▸ **Problem to work on**
Could you copy every entry exactly, dropping the pictures?
▬▬▬▬▬▬
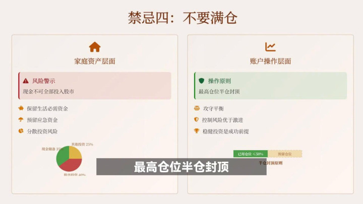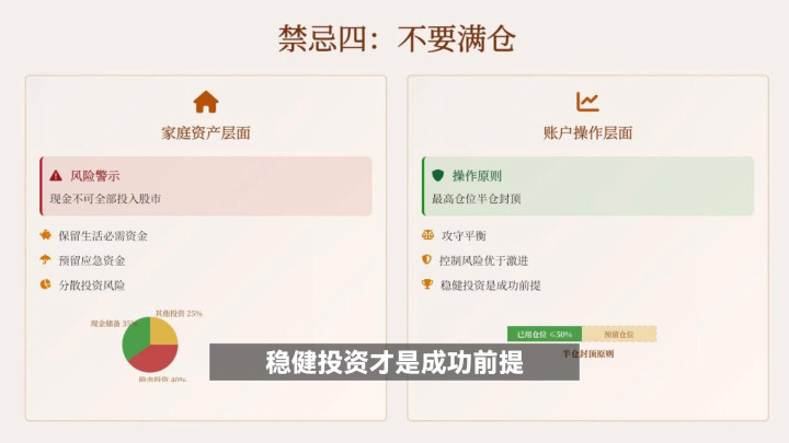 ·炒股禁忌四:不要满仓。家庭财富层面,现款勿全投股市,开云sports要留生涯必需和救急资金,散播投资风险。账户操作上,最高仓位半仓封顶,攻守均衡,秩序风险优先,庄重投资才是得胜前提。
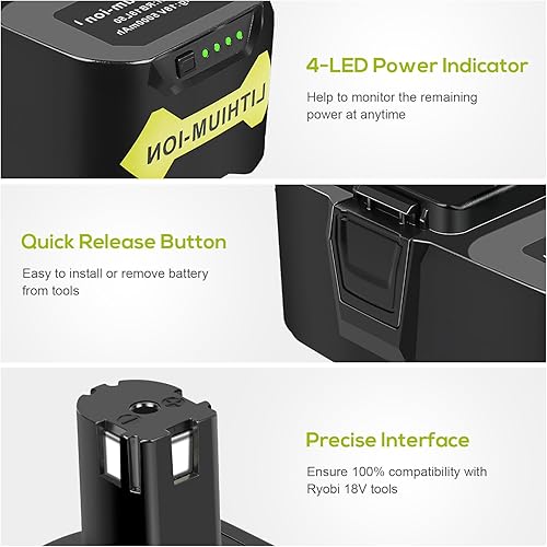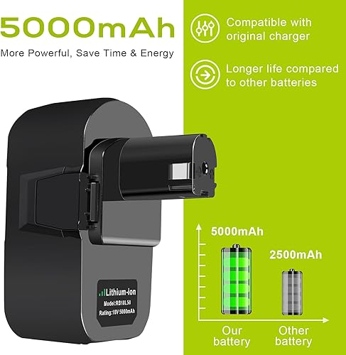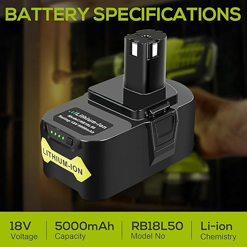 ASUNCELL Batteria agli ioni di litio da 18 V 5,0 Ah per Ryobi One +, batteria agli ioni di litio per Ryobi BPL-1815 BPL-1820G BPL1820 BPL18151 P102 P103 P104 P105 P106 P107 P108
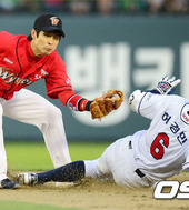2012.05.10 19: 13강정호,'모래바람을 일으키며 귀루했지만, 태그아웃!'
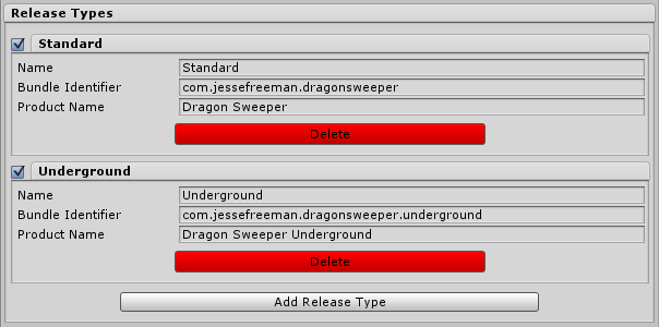 Advanced Builder is paid plugin on the Unity Asset store that allows you to set up individual builds based on target platforms and automate a lot of the tedious build steps. Once you have it installed you can create a new release type for the Underground build. Here you can see I have a Standard build and my Underground Build.
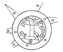 Sete seções triangulares no círculo externo (perímetro de água) representam as ilhas conhecidas, mas o entalhe de argila por estar danificado perdeu as três ilhas na margem inferior.
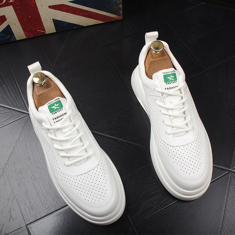 夏季新款小白鞋男韩版百搭增高鞋气垫潮流男鞋真皮透气厚底男板鞋
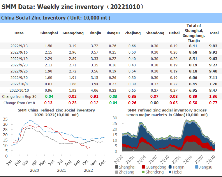 SHANGHAI, Oct 10 (SMM) - SMM data shows that zinc ingot inventories across seven major markets in China totalled 84,700 mt as of October 10, up 13,600 mt from September 30 and up 7,700 mt from last Saturday (October 8). The inventory in Shanghai only rose by 1,300 mt, which was less than expected. The statistics show that the arrivals in Shanghai during the holiday were relatively low, and there was no signs of zinc ingot inflow of Baiyin and Qinlin brands, which had been expected to arrive. At the same time, the downstream enterprises continued to pick up the goods one after another during the holiday. The inventory in Guangdong increased slightly as some of the zinc ingots were transferred to Shanghai while the local arrivals were low during the holiday. The inventory in Tianjin accumulated significantly as the smelters received stable cargoes during the holiday. However, the recent pandemic outbreak in Inner Mongolia and Xinjiang has hindered the transportation of local smelters, who still maintain normal production though. Other markets all saw slight increases in inventories, but the overall increase was little. On the whole, inventories in Shanghai, Guangdong and Tianjin rose 5,000 mt, and inventories across seven major markets in China gained 7,700 mt.
▬▬▬▬▬▬
▸ **Output of the task**
 ·炒股禁忌四:不要满仓。家庭财富层面,现款勿全投股市,开云sports要留生涯必需和救急资金,散播投资风险。账户操作上,最高仓位半仓封顶,攻守均衡,秩序风险优先,庄重投资才是得胜前提。
 ASUNCELL Batteria agli ioni di litio da 18 V 5,0 Ah per Ryobi One +, batteria agli ioni di litio per Ryobi BPL-1815 BPL-1820G BPL1820 BPL18151 P102 P103 P104 P105 P106 P107 P108
2012.05.10 19: 13강정호,'모래바람을 일으키며 귀루했지만, 태그아웃!'
 Advanced Builder is paid plugin on the Unity Asset store that allows you to set up individual builds based on target platforms and automate a lot of the tedious build steps. Once you have it installed you can create a new release type for the Underground build. Here you can see I have a Standard build and my Underground Build.
 Sete seções triangulares no círculo externo (perímetro de água) representam as ilhas conhecidas, mas o entalhe de argila por estar danificado perdeu as três ilhas na margem inferior.
 夏季新款小白鞋男韩版百搭增高鞋气垫潮流男鞋真皮透气厚底男板鞋
 SHANGHAI, Oct 10 (SMM) - SMM data shows that zinc ingot inventories across seven major markets in China totalled 84,700 mt as of October 10, up 13,600 mt from September 30 and up 7,700 mt from last Saturday (October 8). The inventory in Shanghai only rose by 1,300 mt, which was less than expected. The statistics show that the arrivals in Shanghai during the holiday were relatively low, and there was no signs of zinc ingot inflow of Baiyin and Qinlin brands, which had been expected to arrive. At the same time, the downstream enterprises continued to pick up the goods one after another during the holiday. The inventory in Guangdong increased slightly as some of the zinc ingots were transferred to Shanghai while the local arrivals were low during the holiday. The inventory in Tianjin accumulated significantly as the smelters received stable cargoes during the holiday. However, the recent pandemic outbreak in Inner Mongolia and Xinjiang has hindered the transportation of local smelters, who still maintain normal production though. Other markets all saw slight increases in inventories, but the overall increase was little. On the whole, inventories in Shanghai, Guangdong and Tianjin rose 5,000 mt, and inventories across seven major markets in China gained 7,700 mt.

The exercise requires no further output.